Instructions for the task
Tally the lines below that contain "півресорі" and reply with only the tally.

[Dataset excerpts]
────────────────────────────────────────

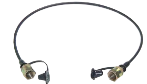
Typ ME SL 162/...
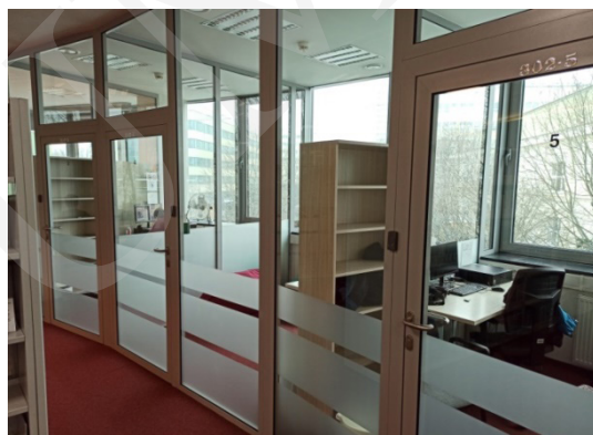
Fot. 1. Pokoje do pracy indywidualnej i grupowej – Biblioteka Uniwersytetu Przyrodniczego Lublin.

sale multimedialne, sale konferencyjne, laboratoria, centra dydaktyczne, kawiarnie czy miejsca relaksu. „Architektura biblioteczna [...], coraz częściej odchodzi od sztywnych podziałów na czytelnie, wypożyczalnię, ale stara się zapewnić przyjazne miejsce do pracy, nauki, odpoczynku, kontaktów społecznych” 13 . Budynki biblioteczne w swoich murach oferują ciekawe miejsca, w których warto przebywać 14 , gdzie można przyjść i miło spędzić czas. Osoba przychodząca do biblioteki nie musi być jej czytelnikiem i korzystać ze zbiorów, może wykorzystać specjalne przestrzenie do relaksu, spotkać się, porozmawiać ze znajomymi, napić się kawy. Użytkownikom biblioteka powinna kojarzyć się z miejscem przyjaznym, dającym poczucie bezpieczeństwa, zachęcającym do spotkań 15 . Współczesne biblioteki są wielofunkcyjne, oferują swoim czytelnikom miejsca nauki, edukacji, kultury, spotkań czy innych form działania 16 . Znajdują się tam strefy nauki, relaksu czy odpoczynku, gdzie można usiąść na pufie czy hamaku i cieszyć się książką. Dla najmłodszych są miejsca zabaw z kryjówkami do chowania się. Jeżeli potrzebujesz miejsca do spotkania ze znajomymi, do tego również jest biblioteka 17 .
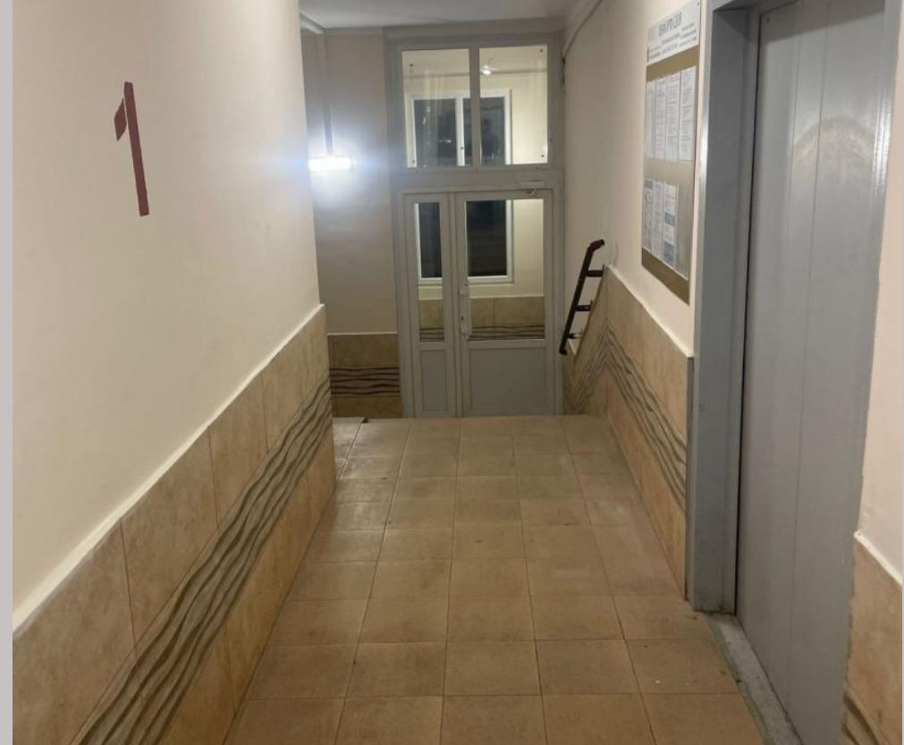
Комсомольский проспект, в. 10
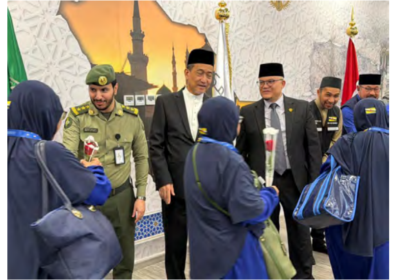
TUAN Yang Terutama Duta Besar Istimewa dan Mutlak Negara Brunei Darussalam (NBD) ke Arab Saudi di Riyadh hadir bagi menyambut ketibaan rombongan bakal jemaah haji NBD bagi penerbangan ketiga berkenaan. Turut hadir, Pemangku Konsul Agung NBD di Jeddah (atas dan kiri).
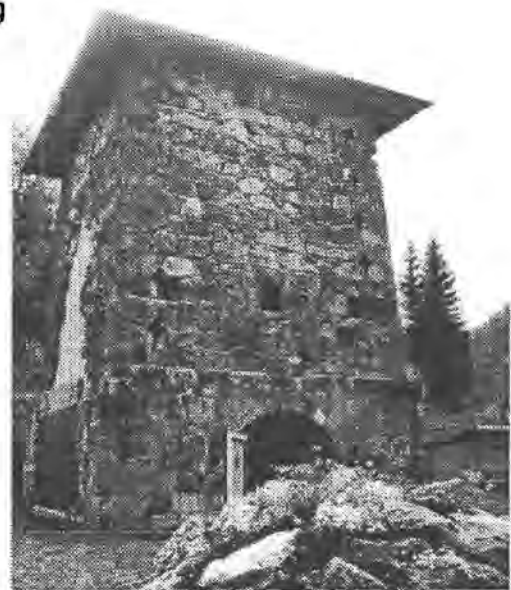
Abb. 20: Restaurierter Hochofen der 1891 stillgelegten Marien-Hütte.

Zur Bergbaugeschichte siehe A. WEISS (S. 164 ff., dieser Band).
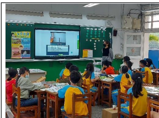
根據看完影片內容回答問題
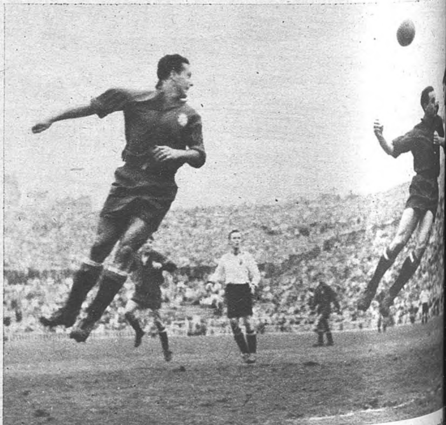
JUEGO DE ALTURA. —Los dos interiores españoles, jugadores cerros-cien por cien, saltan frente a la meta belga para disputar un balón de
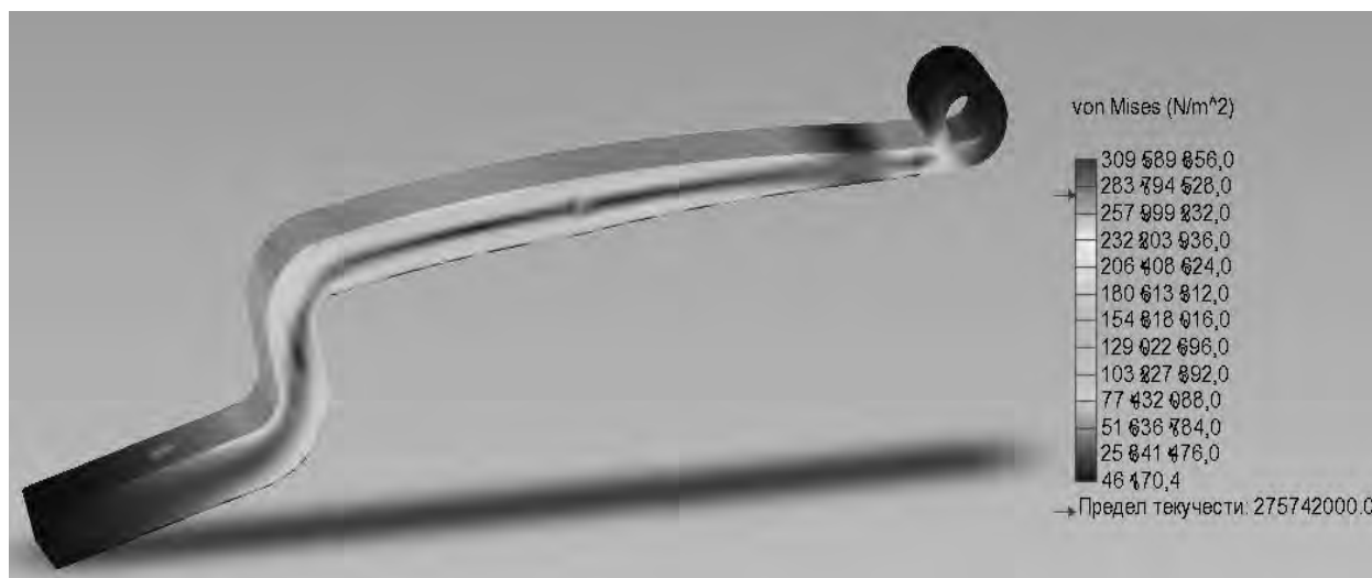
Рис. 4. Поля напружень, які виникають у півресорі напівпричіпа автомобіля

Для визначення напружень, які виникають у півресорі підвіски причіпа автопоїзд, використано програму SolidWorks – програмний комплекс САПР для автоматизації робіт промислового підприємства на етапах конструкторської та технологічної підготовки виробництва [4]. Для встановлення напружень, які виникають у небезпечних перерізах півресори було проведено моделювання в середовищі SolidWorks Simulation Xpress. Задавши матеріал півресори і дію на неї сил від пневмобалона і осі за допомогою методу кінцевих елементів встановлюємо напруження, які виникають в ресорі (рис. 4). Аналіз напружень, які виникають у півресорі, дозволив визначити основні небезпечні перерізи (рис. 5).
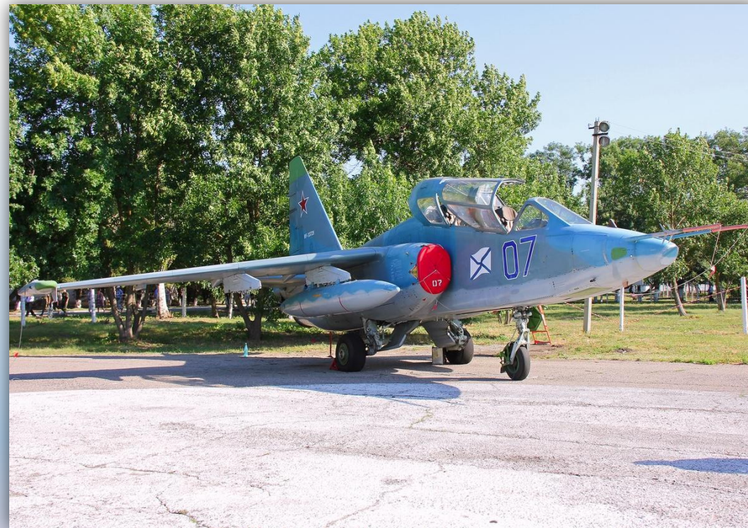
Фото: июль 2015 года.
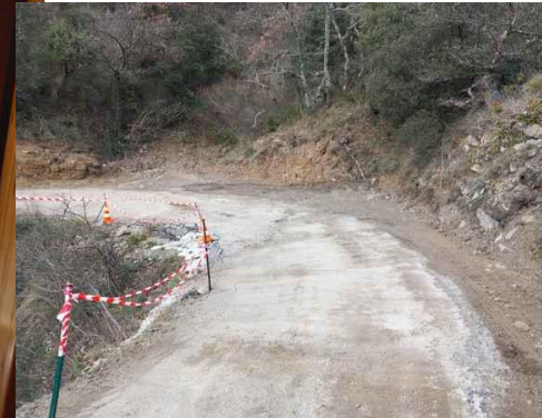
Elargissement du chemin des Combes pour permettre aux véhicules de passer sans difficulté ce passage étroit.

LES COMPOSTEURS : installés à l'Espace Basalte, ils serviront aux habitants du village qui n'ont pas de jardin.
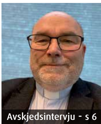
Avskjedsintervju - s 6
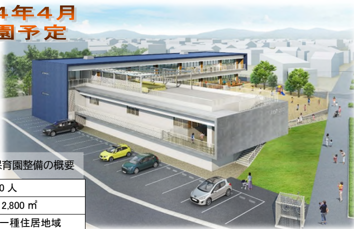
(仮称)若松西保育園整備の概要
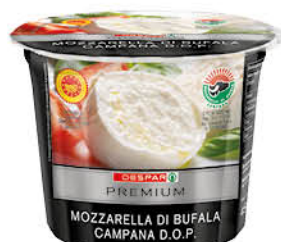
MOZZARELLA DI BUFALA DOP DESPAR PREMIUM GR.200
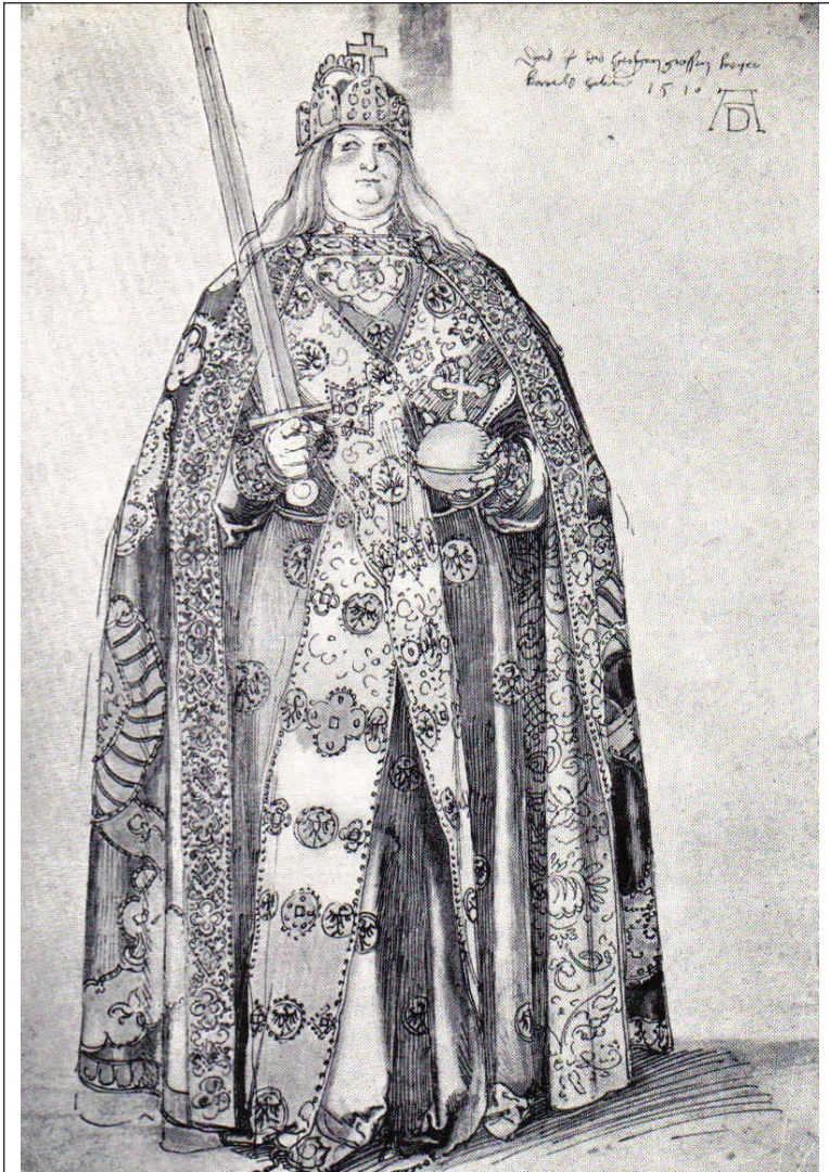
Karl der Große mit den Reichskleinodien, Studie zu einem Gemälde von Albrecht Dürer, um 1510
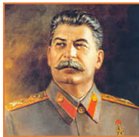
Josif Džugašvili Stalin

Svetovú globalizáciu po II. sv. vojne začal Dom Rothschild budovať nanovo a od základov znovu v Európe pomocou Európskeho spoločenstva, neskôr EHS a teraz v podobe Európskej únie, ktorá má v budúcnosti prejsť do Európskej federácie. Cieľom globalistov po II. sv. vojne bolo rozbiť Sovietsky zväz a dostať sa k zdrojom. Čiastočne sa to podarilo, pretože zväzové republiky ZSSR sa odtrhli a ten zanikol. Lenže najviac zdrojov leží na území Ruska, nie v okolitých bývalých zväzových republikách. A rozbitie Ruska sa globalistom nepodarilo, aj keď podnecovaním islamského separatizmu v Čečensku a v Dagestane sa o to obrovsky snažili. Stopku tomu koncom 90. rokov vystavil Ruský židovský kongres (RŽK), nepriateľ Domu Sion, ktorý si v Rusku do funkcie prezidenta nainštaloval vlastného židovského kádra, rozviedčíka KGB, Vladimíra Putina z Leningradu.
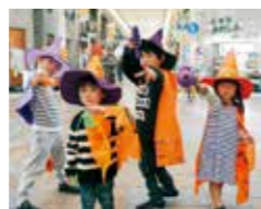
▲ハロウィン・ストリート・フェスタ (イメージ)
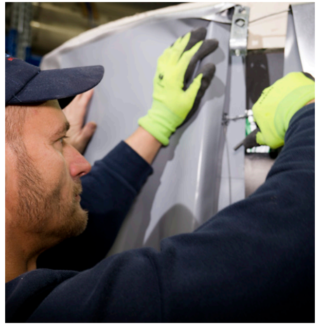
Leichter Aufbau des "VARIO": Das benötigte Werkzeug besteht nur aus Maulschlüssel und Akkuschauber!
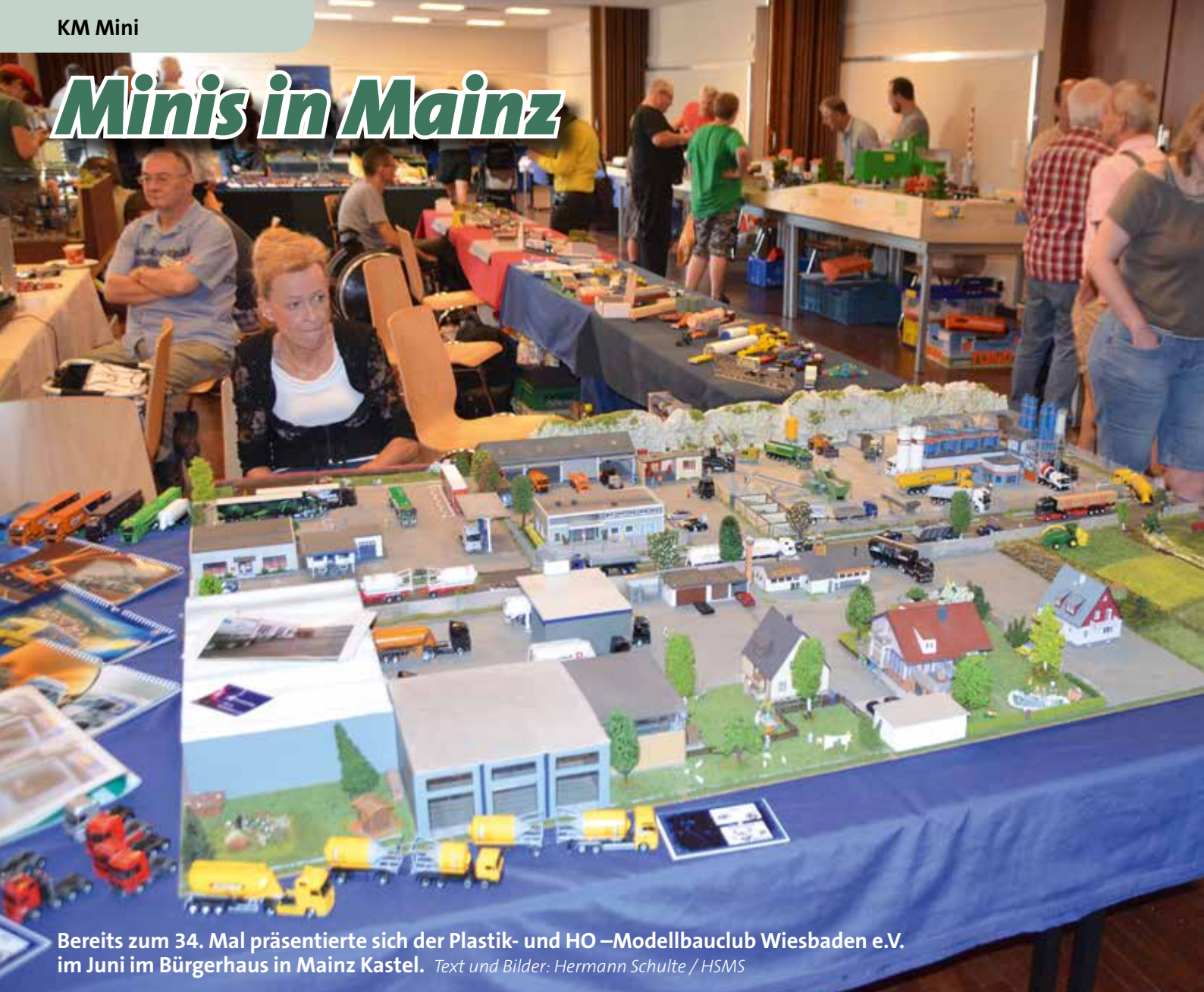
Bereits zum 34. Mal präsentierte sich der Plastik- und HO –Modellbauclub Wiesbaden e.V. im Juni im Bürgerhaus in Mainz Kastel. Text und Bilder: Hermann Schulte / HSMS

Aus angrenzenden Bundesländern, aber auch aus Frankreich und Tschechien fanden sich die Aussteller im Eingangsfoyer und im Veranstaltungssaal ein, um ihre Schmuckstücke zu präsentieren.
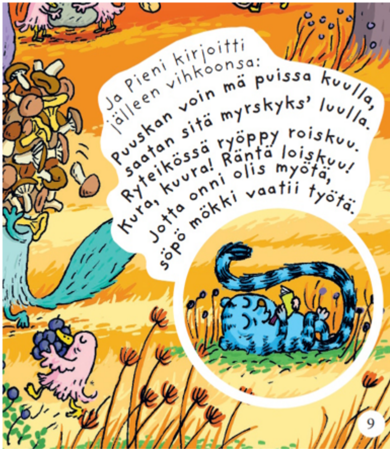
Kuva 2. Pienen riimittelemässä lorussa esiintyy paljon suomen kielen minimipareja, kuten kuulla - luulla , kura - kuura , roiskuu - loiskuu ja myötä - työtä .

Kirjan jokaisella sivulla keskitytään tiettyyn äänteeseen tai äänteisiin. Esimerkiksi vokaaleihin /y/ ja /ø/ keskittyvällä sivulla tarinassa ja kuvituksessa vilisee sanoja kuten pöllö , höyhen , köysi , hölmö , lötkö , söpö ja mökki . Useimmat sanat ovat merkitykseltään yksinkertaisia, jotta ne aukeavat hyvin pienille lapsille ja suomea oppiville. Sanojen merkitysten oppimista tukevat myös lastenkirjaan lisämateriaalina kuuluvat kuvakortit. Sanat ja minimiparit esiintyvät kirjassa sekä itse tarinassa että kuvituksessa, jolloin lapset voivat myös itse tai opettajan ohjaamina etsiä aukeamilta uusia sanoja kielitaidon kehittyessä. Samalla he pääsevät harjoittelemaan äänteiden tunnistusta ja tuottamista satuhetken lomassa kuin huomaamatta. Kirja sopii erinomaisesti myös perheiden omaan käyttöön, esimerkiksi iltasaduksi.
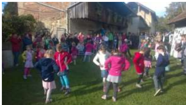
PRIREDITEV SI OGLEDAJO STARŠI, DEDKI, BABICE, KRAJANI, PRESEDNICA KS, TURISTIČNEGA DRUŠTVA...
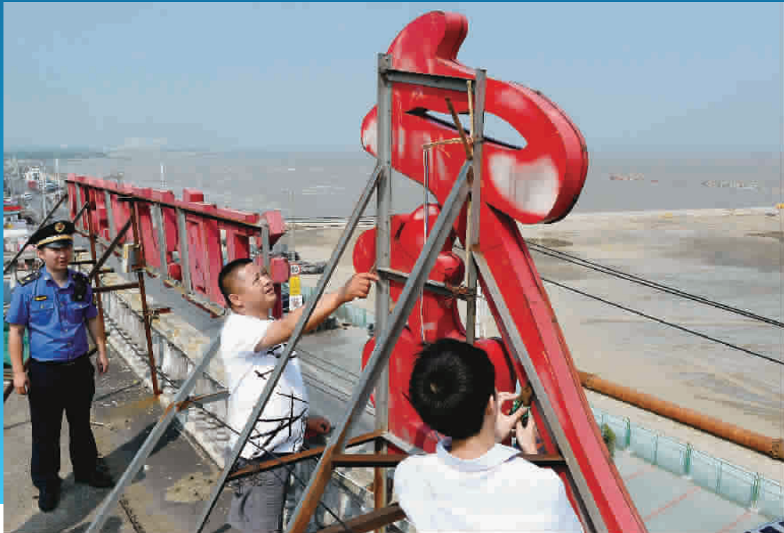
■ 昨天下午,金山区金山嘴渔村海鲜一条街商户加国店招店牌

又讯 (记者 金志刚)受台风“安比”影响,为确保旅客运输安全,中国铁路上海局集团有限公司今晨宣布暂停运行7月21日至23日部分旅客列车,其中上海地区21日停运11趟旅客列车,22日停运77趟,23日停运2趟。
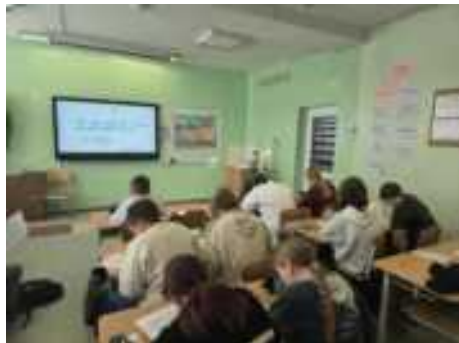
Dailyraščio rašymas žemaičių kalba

────────────────────────────────────────

Final answer
2